7 thoughts on “A Decade.

  1. san

    Wow, what a tragic story. I had no idea you’ve lost a dear friend to suicide. He must have felt terribly desperate and alone.

    I am so sorry, Terra.

  2. Mom

    Terra it wasn’t just the death, or that it was suicide. It was you being the last one to talk to him. It was the chaos of the viewing and the funeral. It was his mother’s sobbing and his father’s anger, blaming her, the babble of relatives speaking what? vietnamese? chinese?.
    It was the storefront church and the funeral, held just across the street from where he jumped – dove -off the bridge. It was the preacher calling out to all the grieving teens at the funeral: “If you loved David you will come down now and accept Christ as your savior.”
    It was your first funeral, and the most chaotic, twisted, painful one I could imagine.
    And it was his parents, calling you and coming by, trying to understand.
    Terra, you are right that he is still here. Rhiannon and I have both seen or felt or heard him. And his message was clear: “It was not your fault. You couldn’t have known. You are not to blame.”
    I think he will be with you, like a guardian angel, until the time comes when, if, you are ready to let him go.

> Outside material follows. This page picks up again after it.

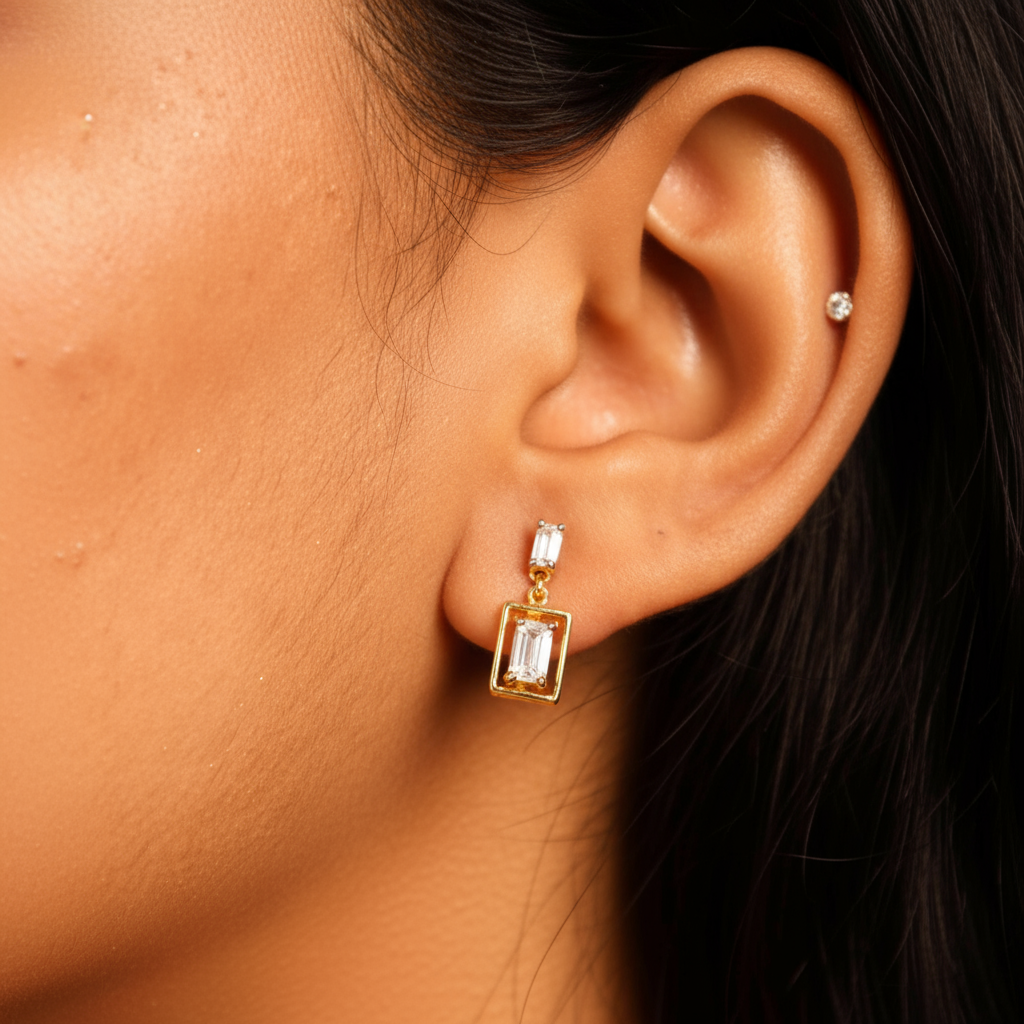 Perfect for evening events or as a statement piece to elevate any ensemble, the Frame of Light Danglers exude effortless charm.

    Blessings to your spirit, David. Rest ye gentle.

  3. Terra,

    Crying a little. For you, for David, for me, for my Dave – for anyone who has ever been through this, from their side & from ours. The words are different every year & the feelings are different every day. It never stops hurting; it settles, maybe, it becomes a different kind of pain. It evolves. It changes. We grow, & they don’t. They are always 16, always 20, never growing old, never catching up. Lives unlived but never unloved.

    And why couldn’t they see? How much they were loved, how much it would hurt, how much hope there was? That things would get better, that things always get better, that at 25 and 26 we wouldn’t remember a single thing that hurt us when we were 16 or 20 – except for their deaths.

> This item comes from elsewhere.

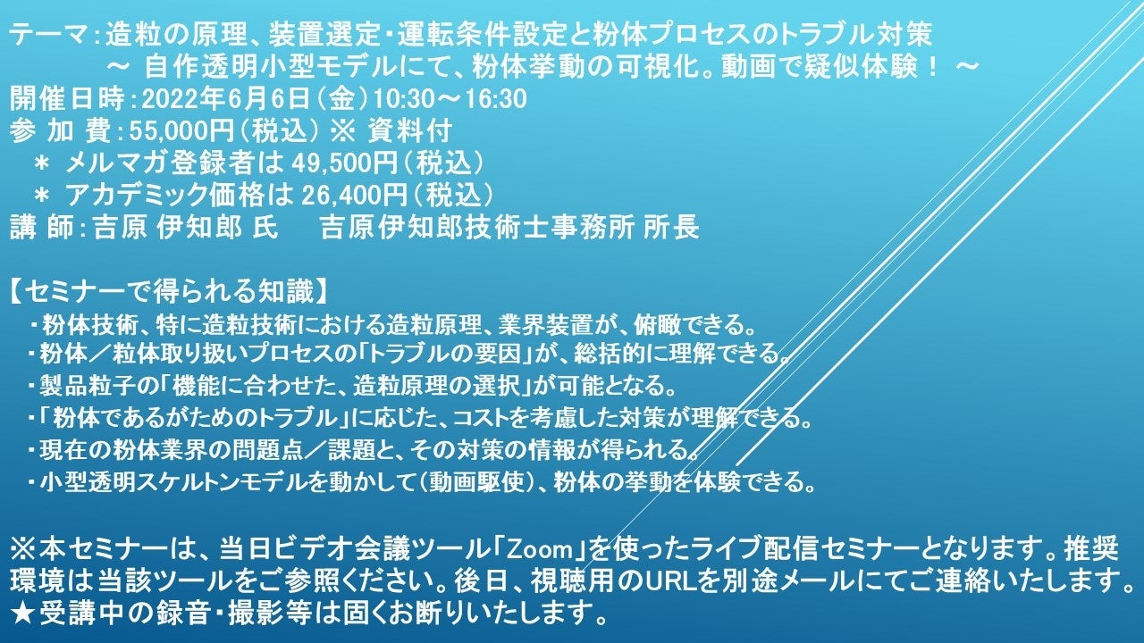 先端技術情報や市場情報を提供している(株)シーエムシー・リサーチ(千代田区神田錦町: https://cmcre.com/ )では、 各種材料・化学品などの市場動向・技術動向のセミナーや書籍発行を行っておりますが、 このたび「造粒の原理、装置選定・運転条件設定と粉体プロセスのトラブル対策 ~ 自作透明小型モデルにて、粉体挙動の可視化。動画で疑似体験! ~」と題するセミナーを、 講師に吉原 伊知郎 氏 吉原伊知郎技術士事務所 所長)をお迎えし、2022年6月6日(月)10:30より、 ZOOMを利用したライブ配信で開催いたします。 受講料は、 一般:55,000円(税込)、 弊社メルマガ会員:49,500円(税込)、 アカデミック価格は26,400円(税込)となっております(資料付)。

    There’s not much more to say, I guess, except that you’re not alone & you’re not crazy & this… this is cathartic, & I hope you keep writing every year.

    <3

  4. Thank you for sharing. Your mom’s comment puts it into even more perspective. What an earth-shattering thing to have happen in your world. Continue writing about him. I do so about my father, who died 5 years ago from stroke. I do it to make sense of things, to remember him, to allow myself to feel the things I try so hard to put away the other 364 days of the year. Keep writing.